§ Work item
With the line containing "- Indigenous Engagement: EYOS" as the start and the line containing "Venerdì 16 maggio" as the end, transcribe that span of the entries below exactly, including both.

(Information provided Opens)

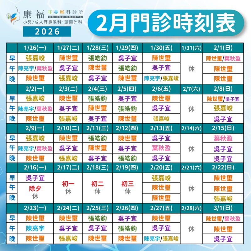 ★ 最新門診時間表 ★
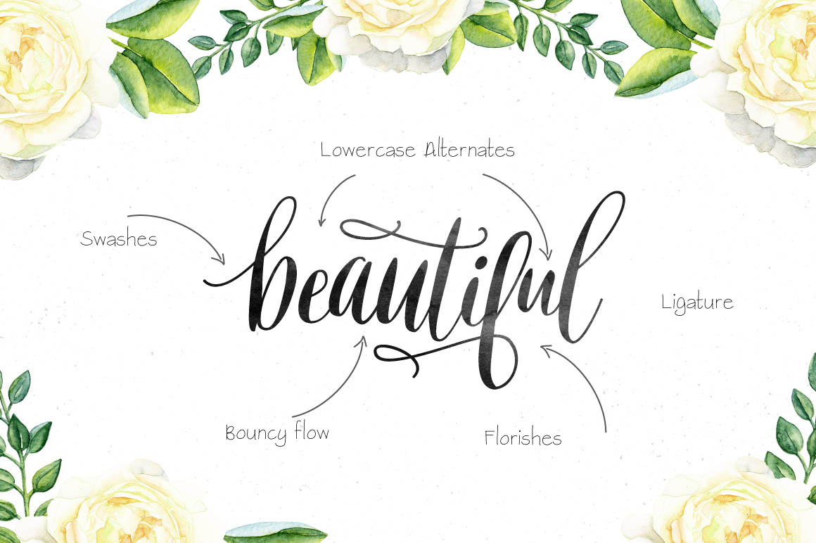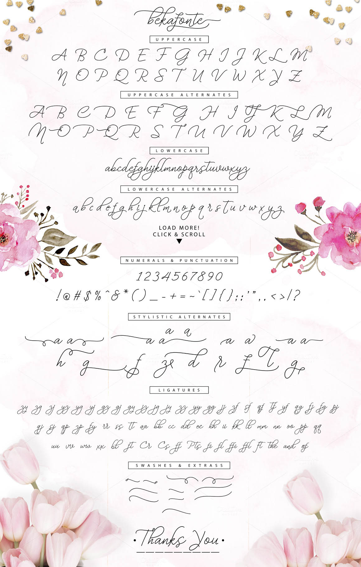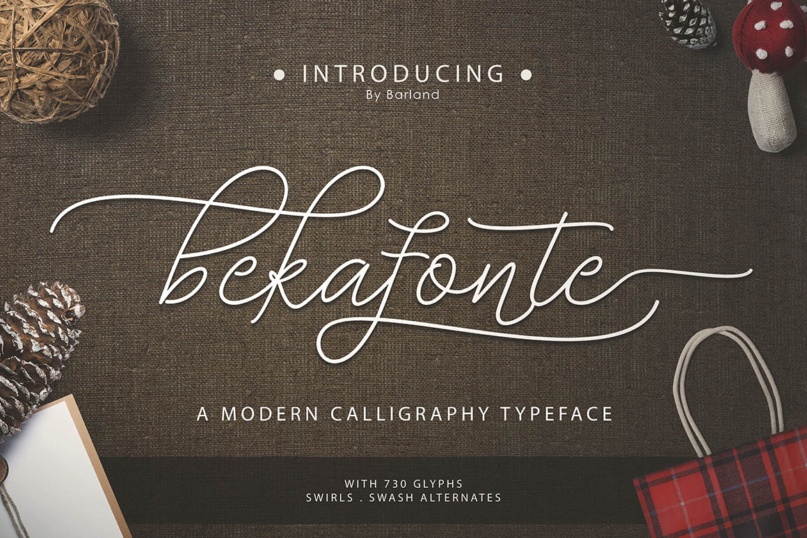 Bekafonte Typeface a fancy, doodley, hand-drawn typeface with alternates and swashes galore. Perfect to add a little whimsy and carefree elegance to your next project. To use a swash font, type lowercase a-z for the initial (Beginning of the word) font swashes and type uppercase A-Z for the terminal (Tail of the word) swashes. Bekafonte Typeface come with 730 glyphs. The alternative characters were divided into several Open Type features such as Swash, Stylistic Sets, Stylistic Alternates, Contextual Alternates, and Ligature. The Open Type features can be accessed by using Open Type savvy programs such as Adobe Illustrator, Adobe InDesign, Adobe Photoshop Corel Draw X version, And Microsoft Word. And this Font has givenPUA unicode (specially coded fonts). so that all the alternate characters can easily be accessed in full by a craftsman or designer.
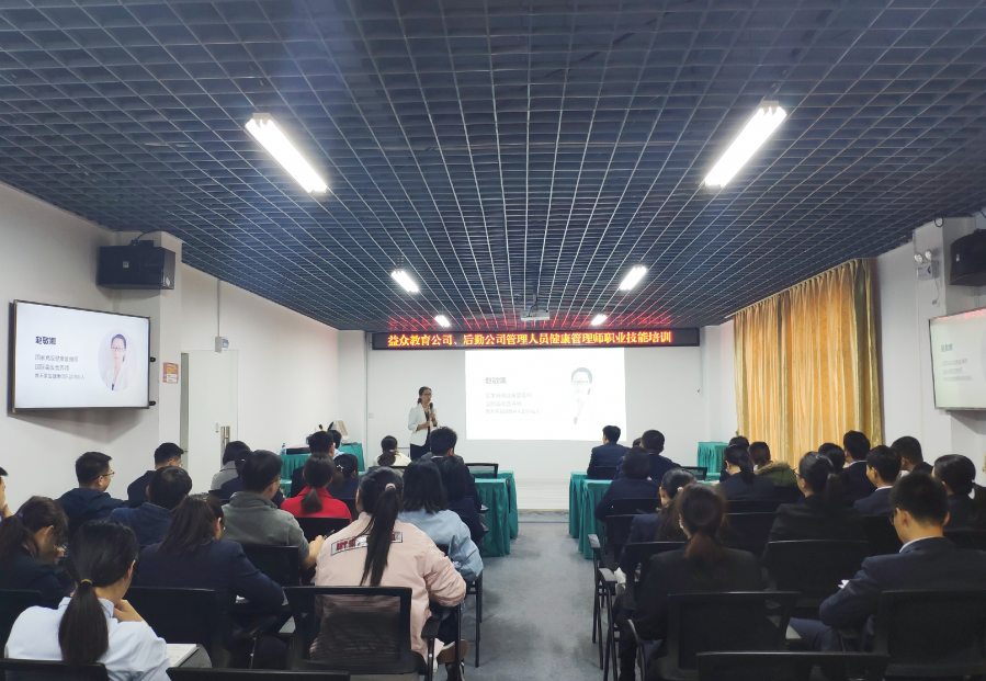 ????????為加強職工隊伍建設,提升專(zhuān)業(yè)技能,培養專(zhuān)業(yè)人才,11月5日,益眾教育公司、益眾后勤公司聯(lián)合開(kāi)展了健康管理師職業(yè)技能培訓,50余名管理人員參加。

(Information provided Closes)
(Information provided Opens)

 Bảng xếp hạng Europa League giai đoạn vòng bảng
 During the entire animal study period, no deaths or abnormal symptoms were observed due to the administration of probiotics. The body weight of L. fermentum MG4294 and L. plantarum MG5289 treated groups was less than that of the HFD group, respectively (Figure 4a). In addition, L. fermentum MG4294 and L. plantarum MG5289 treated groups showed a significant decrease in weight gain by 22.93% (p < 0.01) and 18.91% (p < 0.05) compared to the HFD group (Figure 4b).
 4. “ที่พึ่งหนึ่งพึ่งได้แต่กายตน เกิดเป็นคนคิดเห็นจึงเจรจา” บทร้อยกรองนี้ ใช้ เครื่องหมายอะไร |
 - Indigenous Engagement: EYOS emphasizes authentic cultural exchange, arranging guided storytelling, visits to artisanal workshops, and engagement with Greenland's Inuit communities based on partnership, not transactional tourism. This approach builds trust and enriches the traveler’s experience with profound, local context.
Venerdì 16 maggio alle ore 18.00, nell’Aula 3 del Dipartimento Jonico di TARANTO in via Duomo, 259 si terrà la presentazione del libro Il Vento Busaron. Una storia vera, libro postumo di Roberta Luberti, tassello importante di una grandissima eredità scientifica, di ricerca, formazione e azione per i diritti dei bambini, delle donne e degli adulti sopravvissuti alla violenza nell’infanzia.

(Information provided Closes)

§ Response box
 - Indigenous Engagement: EYOS emphasizes authentic cultural exchange, arranging guided storytelling, visits to artisanal workshops, and engagement with Greenland's Inuit communities based on partnership, not transactional tourism. This approach builds trust and enriches the traveler’s experience with profound, local context.
Venerdì 16 maggio alle ore 18.00, nell’Aula 3 del Dipartimento Jonico di TARANTO in via Duomo, 259 si terrà la presentazione del libro Il Vento Busaron. Una storia vera, libro postumo di Roberta Luberti, tassello importante di una grandissima eredità scientifica, di ricerca, formazione e azione per i diritti dei bambini, delle donne e degli adulti sopravvissuti alla violenza nell’infanzia.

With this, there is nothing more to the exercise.